Gavin Williamson put Rishi Sunak in an awkward position ahead of PMQs. The minister resigned last night, but only after allowing several allegations of bullying to rock Sunak’s fledgling premiership this week. The Prime Minister entered Downing Street promising “integrity, professionalism and accountability at every level”. Accepting the resignation of a cabinet member for allegedly telling someone to “slit your throat” and having to deny that you knew anything about the many other complaints made against him, just two weeks later, is not a good look.
There were some choice descriptions of Williamson today; Keir Starmer spoke of a “sad middle manager getting off on intimidating those beneath him” and a “cartoon bully with a pet spider”. But his focus was not on Williamson. The Labour leader wanted to talk about the “the boss who is so weak, so worried the bullies will turn on him that he hides behind them”. Starmer extended the analogy to accuse Sunak of being unable to stand up to “vested interests”, offering Shell as an example. As the Labour leader pointed out, the energy giant has made £26bn in profits this year but paid nothing under the windfall tax due to a tax exemption for investing in fossil fuels – something Starmer described as the “absurd oil and gas giveaway”.
Labour has been focusing on the ‘grubby deals’, which saw Conservative MPs fall in behind Sunak after Liz Truss resigned, since the Prime Minister got the top job – characterising him as too weak to govern, bending to the whims of the factions in his party and unable to act in the national interest. Williamson’s resignation is a vindication of this argument; not only has he left government with serious questions outstanding around what Sunak knew before appointing the minister, he was also the one to decide that it was time to go. Sunak looks weak – worse, comical – as he frantically insists that he now thinks the behaviour was “unequivocally” unacceptable after a week of saying he has confidence in Williamson.
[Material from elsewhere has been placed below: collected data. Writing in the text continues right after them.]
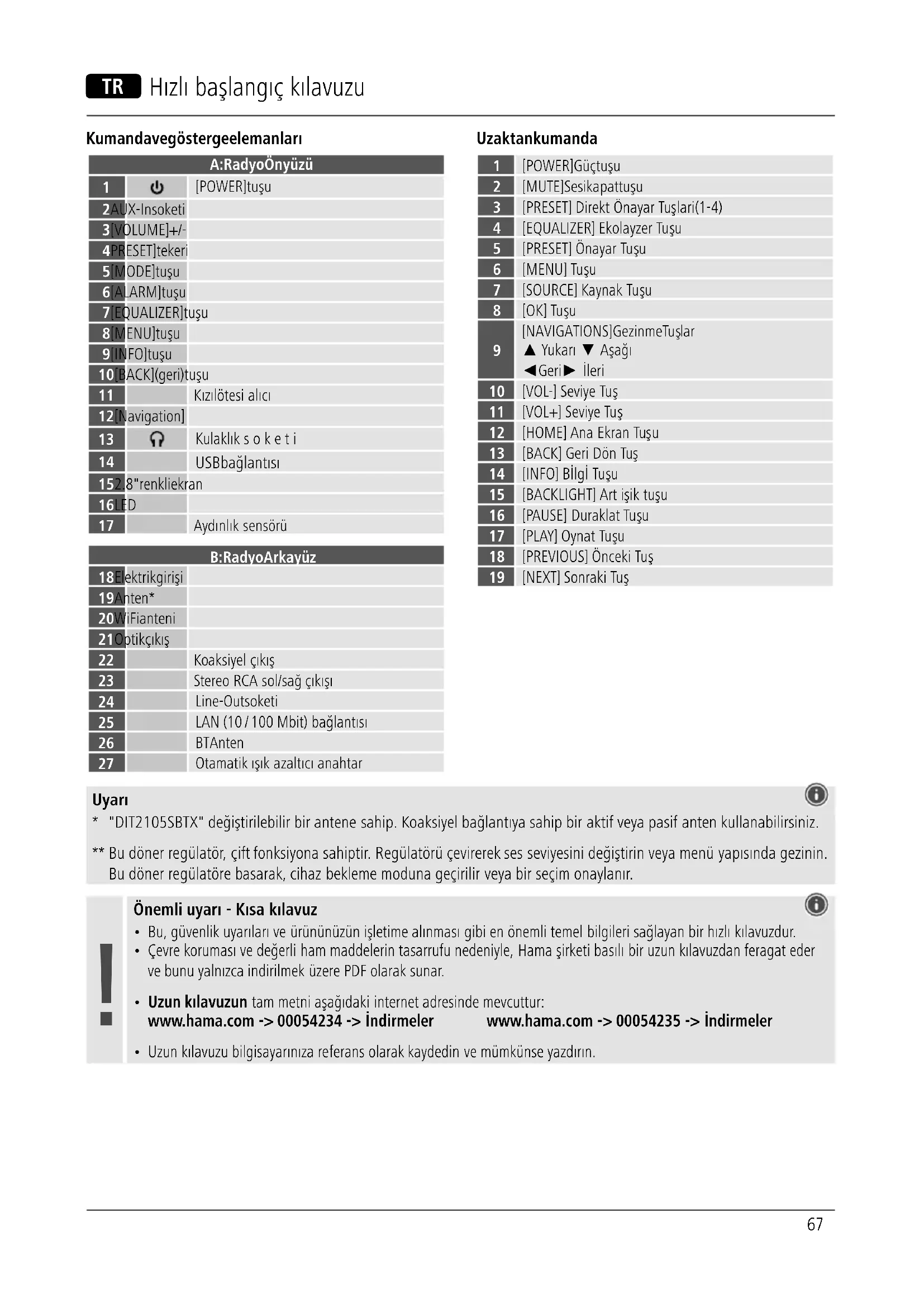 DIT2105SBTX - Radyo HAMA - Ücretsiz kullanım kılavuzu
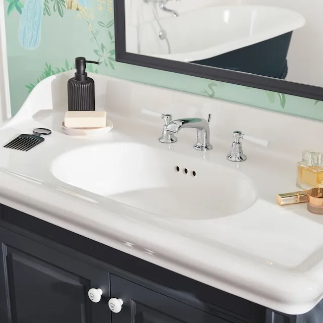 Керамика, вдохновлённая неоклассическим стилем, перенимает дизайн прошлого и адаптирует его к современным технологиям. Эта отдельно стоящая столешница с глянцевой белой отделкой имеет широкий диапазон установки и высокую тумбу под раковину для повседневного комфорта.Комплект мебели в стиле Людовика XVI
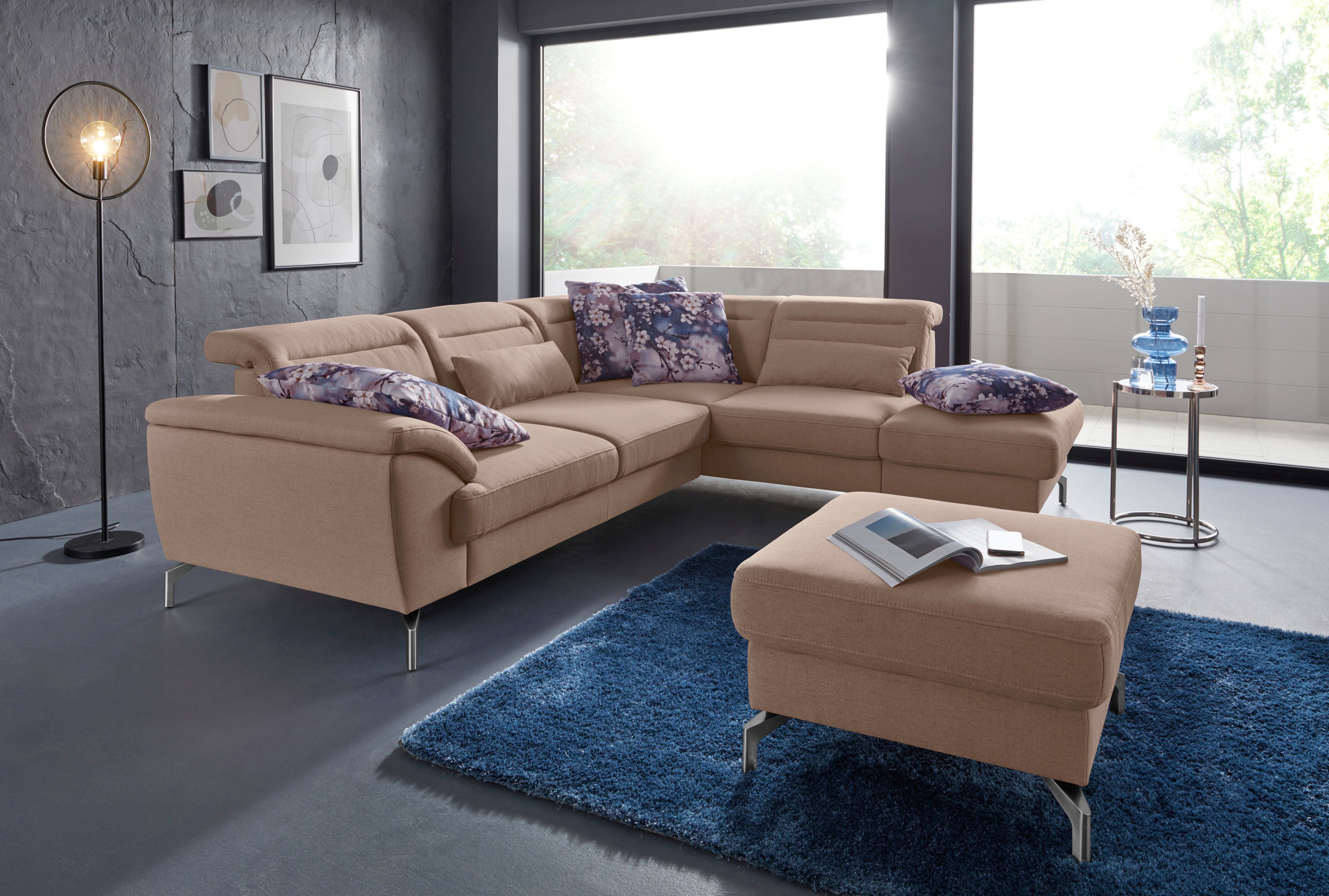 Eine dauerhaft elastische und komfortable Sitzfläche — das bekommst du bei diesem Ecksofa »Percy L-Form« von sit&more, das mit einer hochwertigen Wellenunterfederung ausgestattet ist. Beim Ecksofa befindet sich die Ottomane, von vorne betrachtet, auf der rechten Seite. Die maximale Belastbarkeit pro Sitzplatz liegt bei einem Gewicht von 110 Kilogramm. Die satinierten Füße aus Metall benötigen nahezu keine Pflege, denn Rückstände, Schmutz oder Staub lassen sich ohne großen Aufwand mit einem feuchten Tuch abwischen. Aus Liebe zum Detail wurde dieses Modell von Hand angefertigt.
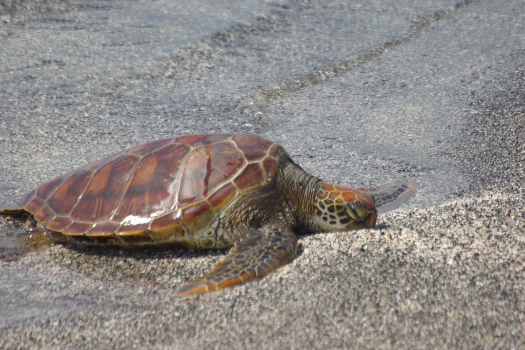 : Migrant turtle and marine iguanas share a Fernandina beach: January 4, 2009
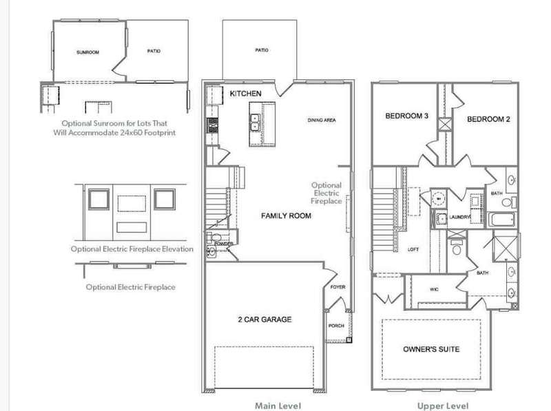Introducing the Carrington B plan, an exceptional new offering at The Enclave at Mill Creek by Cowart Residential, located in the serene and desirable surroundings of Mulberry, GA formerly Dacula. This 3-bedroom, 2.5-bath home offers a modern living lifestyle with an open concept design on the main level, ensuring a seamless flow throughout the kitchen, dining, and family area. The home is expertly crafted with generous room sizes that promise comfort and versatility, catering to both lively gatherings and peaceful moments alike. A standout feature is the sunroom an optional addition for select lots that extends the living space and enhances the home's connection to its natural setting. The upper level is just as impressive, featuring a luxurious owner's suite with a private bath, alongside two additional bedrooms, a full bath, and a practical laundry room positioned for ease of use. A cozy loft area completes this layout, offering a flexible space that would be perfect for a desk or a homework area. Situated within the prestigious Mill Creek High School District, The Enclave at Mill Creek not only offers a wonderful place to call home but also brings the advantage of a top-tier educational environment. This development is ideal for those seeking a balance of tranquility and convenience, with easy access to local amenities and community spaces.

The Prime Minister is writing Starmer’s contributions for him. In just his third PMQs session, Sunak again promised that his government would be one of “integrity” – and then promptly sat down next to scandal-ridden Suella Braverman. The more he tells everyone that his government is one that can be trusted, the easier it is for the opposition to highlight the many – and indeed often handily nearby – contradictions.